Semprola

Most people interested in developing new programming languages or programming environments are looking at how to improve the syntax and semantics of the program text or at tools that help make programmers more productive at crafting the program text. What we need is a more fundamental change to the conception of what a program is.

Semprola introduces a new, semiotic programming environment in which we program with signs in a context, rather than with symbols in a text file and where we treat dialogue rather than functions as the dominant organising principle of our code.

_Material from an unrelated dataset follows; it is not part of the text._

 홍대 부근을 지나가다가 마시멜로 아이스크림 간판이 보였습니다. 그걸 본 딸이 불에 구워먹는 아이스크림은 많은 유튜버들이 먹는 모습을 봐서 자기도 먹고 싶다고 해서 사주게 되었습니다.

All of the information held in this environment is managed in a distributed, semiotic graph that is organized into multiple ontological spaces. Taken together these enable our programs and data to have greater semantic depth. The semiotic graph is constructed out of a single, data structure called a nodedge, that forms both the nodes and the edges of the graph structure.

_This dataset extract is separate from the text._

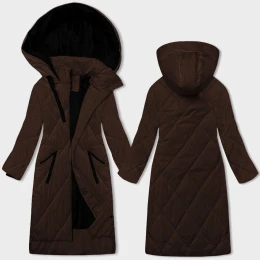 Dlouhá dámská zimní bunda v čokoládové barvě (5M3168-158)

Below is a link to a paper, presented at Salon des Refusés in 2018, in which I gave a brief introduction to Semprola (a Semiotic Programming Language).

Semprola: A Semiotic Programming Language

Sharpe, O. (2018). Semprola: a semiotic programming language. In Conference Companion of the 2nd International Conference on Art, Science, and Engineering of Programming (Programming’18 Companion). Association for Computing Machinery.DOI: https://doi.org/10.1145/3191697.3214330

Hopefully in the next year I will be able to spend more time developing this Semprola programming environment/language and indeed writing up more information about it here.